Ecoli3 model

[From Bill Powers (941104.0740 MST)]

Rick Marken (941103.2100),
Bruce Abbott (941103.2000)--

I see that it took Rick about three hours to pin down the correct
analysis of Bruce's program. I've just looked at it, and I agree with
Rick. It's a nice program, it works, and it is a control-system program
-- but it doesn't have any reinforcement in it. Furthermore, the attempt
to introduce reinforcement by letting past experience carry over into
the present causes a deterioration in performance. I will, of course,
elaborate.

In a repetitive situation, "probability" translates into frequency or
inverse delay. On every iteration, there is a chance that a tumble will
occur. The mean delay to the next tumble is the probability of no tumble
on a given iteration raised to the power that gives a probability of
0.5, so

(1) t = ln(0.5)/(ln(Pr)) where t is measured in iterations.

The two steps

      if pTumbleGivenSplus > pMin then
          pTumbleGivenSplus := pTumbleGivenSplus - LearnRate;
and
      if pTumbleGivenSminus < pMax then
          pTumbleGivenSminus := pTumbleGivenSminus + LearnRate;

have the effect of maintaining the total probability of a tumble between
the limits pMin and pMax. pMin is 0.001, and pMax is 0.5. If the
gradient is positive, pTumbleGivenSPlus is gradually decreased toward
pMin, iteration by iteration. From Eq. (1) we can see that this will
decrease Pr, and thus increase t -- the next tumble will be delayed. By
the same reasoning, if the gradient is negative, the next tumble will
occur sooner. The effect is nonlinear, but as with most control systems,
the system works anyway.

The "learning" that takes place occurs in the interval between one
tumble and the next one. Its only effect is to increase and decrease the
delay to the next tumble based on the _current_ sensed gradient. In my
implementation the same thing occurs, but much more simply:

DeltaT := gain*(ref - dNut);
T := T + T0 + DeltaT;
if T > Tmax then tumble;

T0 is a baseline tumbling rate. Of course T has to be kept from going
negative.

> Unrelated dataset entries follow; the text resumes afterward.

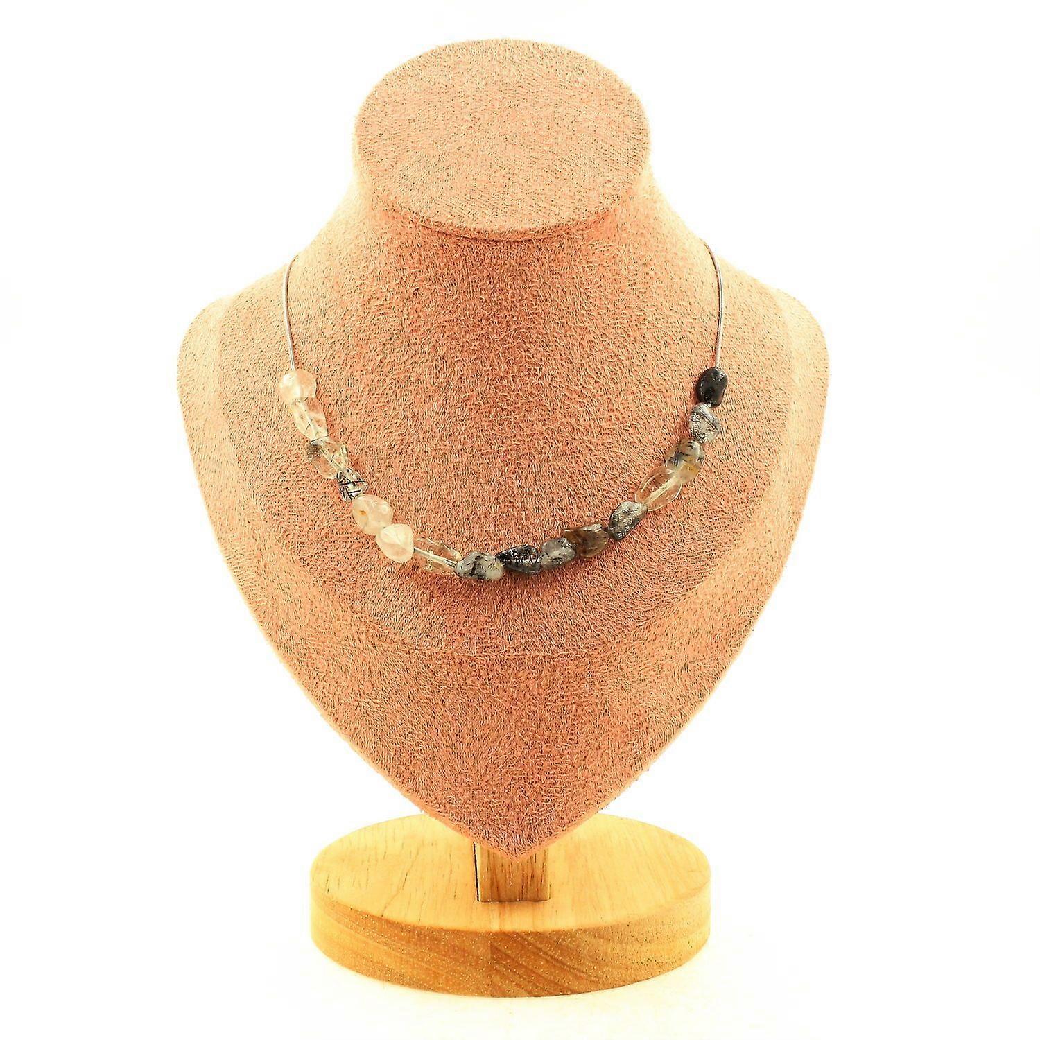 Necklace 15 Quartz beads with Tourmaline inclusions from Brazil Stainless steel chain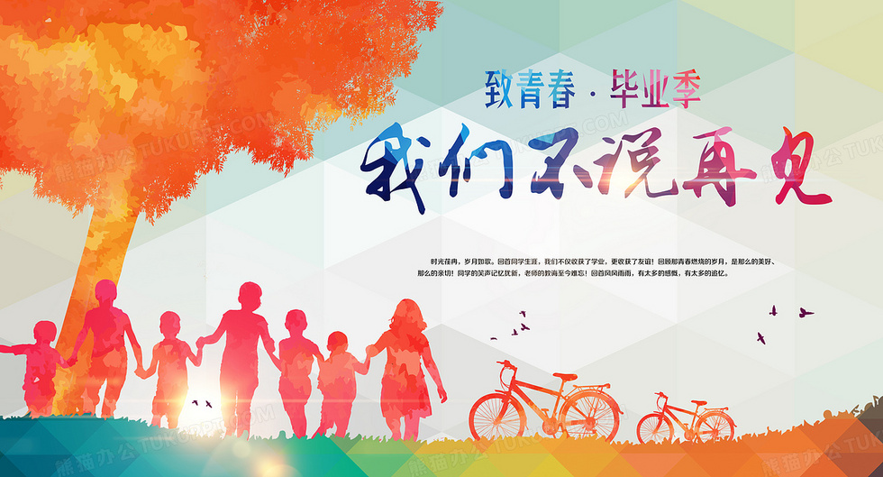 本作品内容为致青春毕业季, 格式为 psd, 图片尺寸为5315 x 2870, 作品中背景图片无需修改, 源文件无水印,可以直接使用, 欢迎使用熊猫办公。 如认为平台内容涉嫌侵权,可通过邮件:tousu@tukuppt.com提出书面通知,我们将及时处理。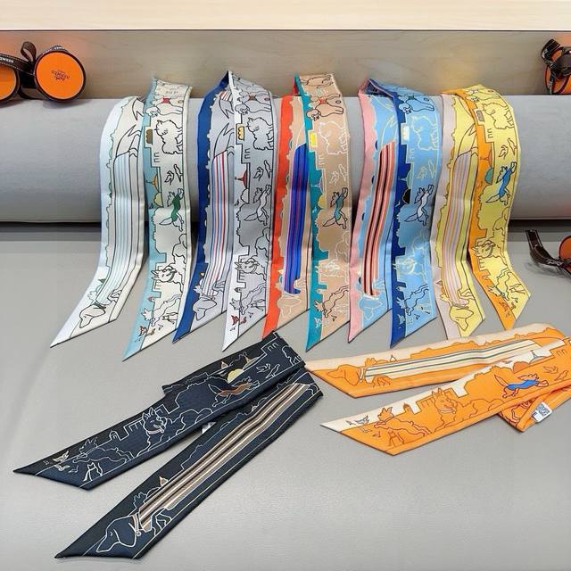 Hermes "Space Racehorse" Twilly scarf Twilly scarf 100% mulberry silk heavyweig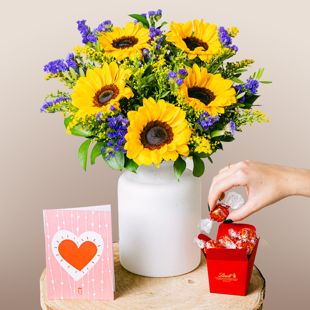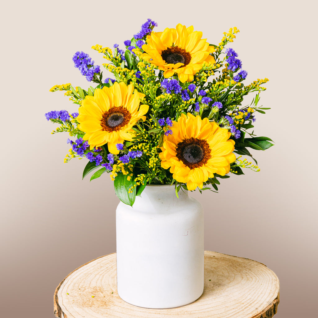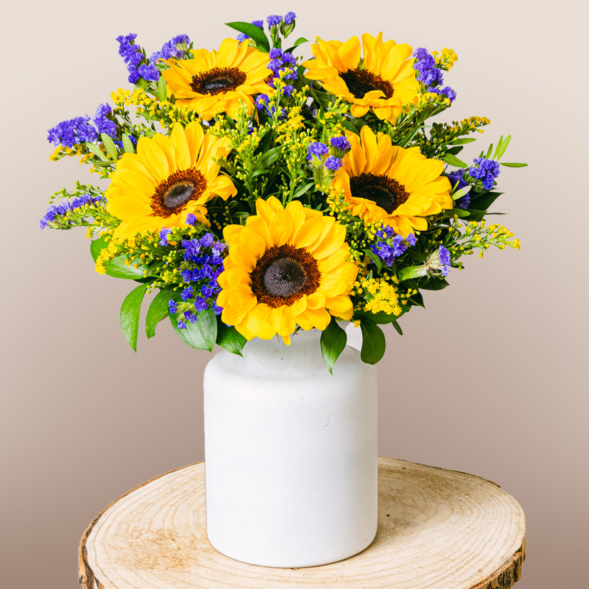 Łącząc jasność słoneczników i świeżość styksu, stworzyliśmy urzekającą mieszankę czystego szczęścia. Promienne słoneczniki to niezapomniany prezent dla wyjątkowej osoby, który może natychmiast zmienić jej dzień za pomocą jednej wiadomości tekstowej. To najlepszy sposób, aby powiedzieć "dziękuję" i przekazać radość lata.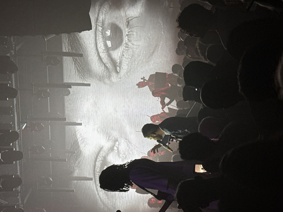 A concert setting with performers amidst a crowd. An enormous projected eye image looms behind. Stage lights and the silhouettes of musicians with instruments are visible. The crowd's heads are dark against the illuminated backdrop, some people hold up their phones. The image is dark and slightly blurred, suggesting a low-light, high-energy atmosphere.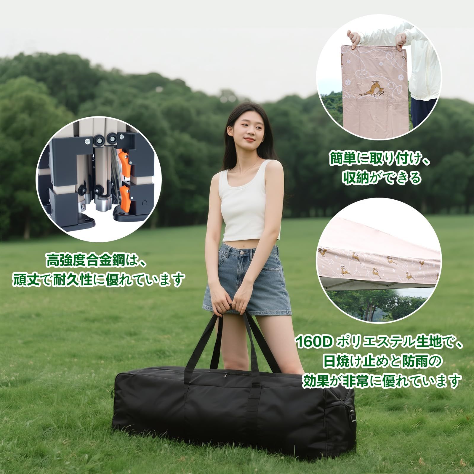 【簡単な組み立て設計】テントは折りたたみ/展開式の構造設計が採用されており、補助工具は不要で、2人で2分以内に簡単に組み立て/収納を完了することができます。「時間が急ぐ」場面、例えば市場での露店、臨時の雨避けなどに適しています。スタンドにはクイック調節ボタンが装備されており、3段階の高さ調節に対応し、さまざまな地形やニーズに柔軟に適応できます。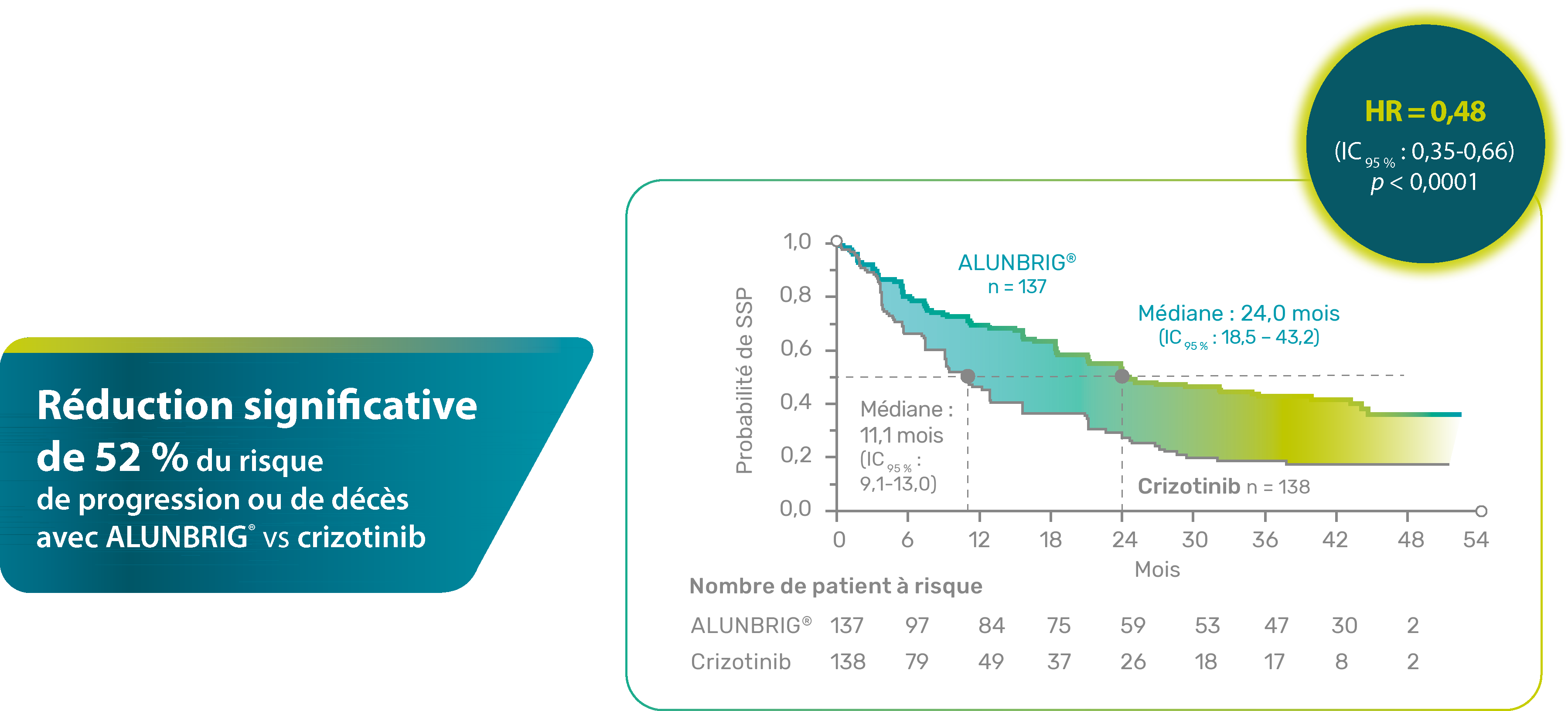 Survenue d’un évènement (progression, décès ou radiothérapie palliative) chez 53 % des patients traités par ALUNBRIG® et 67 % des patients traités par crizotinib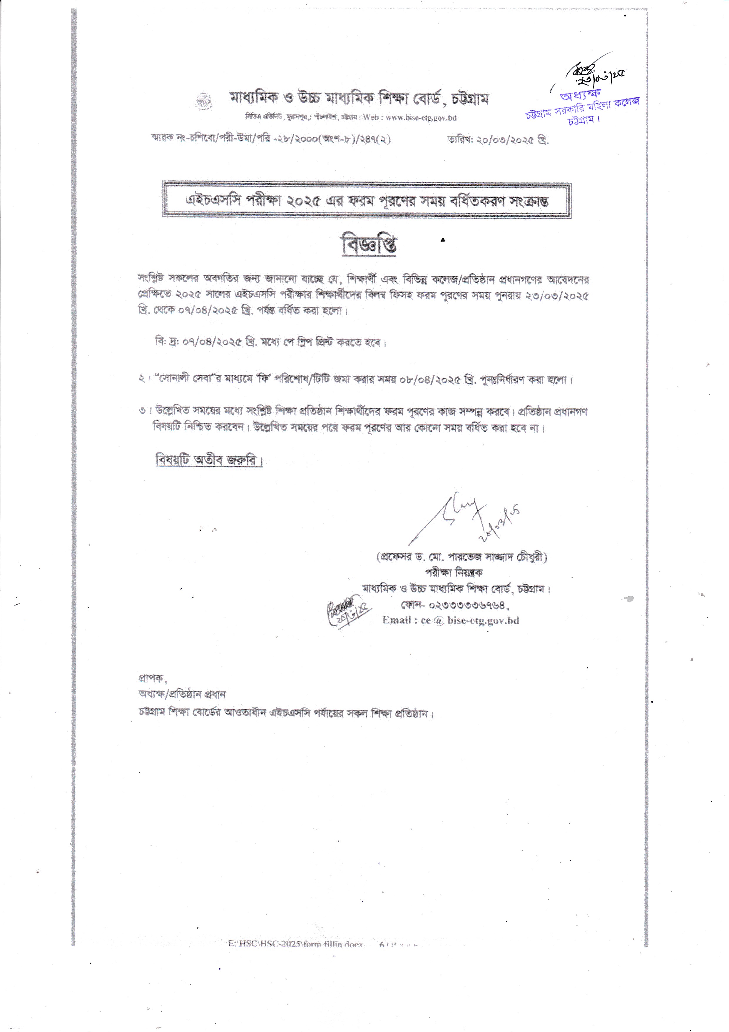 ২০২৫ সালের এইচএসসি পরীক্ষার ফরম পূরণের সময়বৃদ্ধি সংক্রান্ত বিজ্ঞপ্তি (২৩/০৩/২০২৫)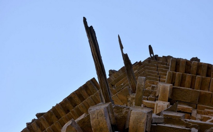 Un palo de madera que sobresale de cada esquina de la torre octogonal solía servir para colgar las campanas, en Luoyang, provincia de Henan, el 20 de mayo. [Foto/CFP]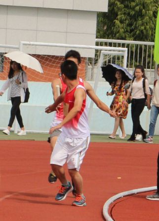 上午10时45分,观众们迎来了激动人心的研究生男子组400米决赛。外文学院2015级硕士生许益海和2016级硕士生徐向前代表学院出战。赛前,两位运动员在候场区做俯卧撑,积极热身,对即将到来的比赛成竹在胸。起跑线上,两位运动员做出专业起跑姿势,只等指令员一声令响,飞一般地冲向前方。400米是对运动员速度和体力的双重考验,前半圈,两位运动员在保持不掉队的前提下积蓄体力,后半圈奋起直追,在小组赛中赛出了风采。

If you make gain very large, so a single DeltaT is enough to
switch from a very long delay to zero delay, this reduces to your first
program.

Your model will work just as mine does, although not as efficiently
because it is set to slow down the adjustment of delay so that a number
of iterations is required to make any substantial change in the delay.

You use a very small value for LearnRate, presumably so the effect will
carry over from tumble to tumble. This, however, greatly reduces the
efficiency of goal-seeking. If you change LearnRate from 0.00005 to 0.05
(larger by a factor of 1000), you will find the approach to the goal
very much faster, with a far smaller range of random movement around the
goal once it is reached. This is because you _remove_ the carryover from
one tumble to the next. Since any given probability of a tumble is
followed, at random, by either better or worse results, allowing a
carryover of values of the probabilities means that half the time the
next delay will be wrong. Speeding up the "learning" so it is complete
within a fraction of the tumble delay means that you remove this
carryover from one tumble to the next, and that makes the delay
appropriate to the _current_ conditions, not the past conditions. The
dramatic improvement in speed of reaching the target shows the removal
of incorrect delays.

The approach could be made even more efficient by using my systematic
method (or yours) rather than a probabilistic way of adjusting the
delay. With a probabilistic method, if dNut is positive, which should
always call for a long delay, sometimes a short delay will occur, with
about a 50% chance that the next direction of movement will be
unfavorable. Going to a systematic method of adjusting the delay, as
above, or as in your first simulation, will remove those wrong delay-
lengths, and further improve the performance.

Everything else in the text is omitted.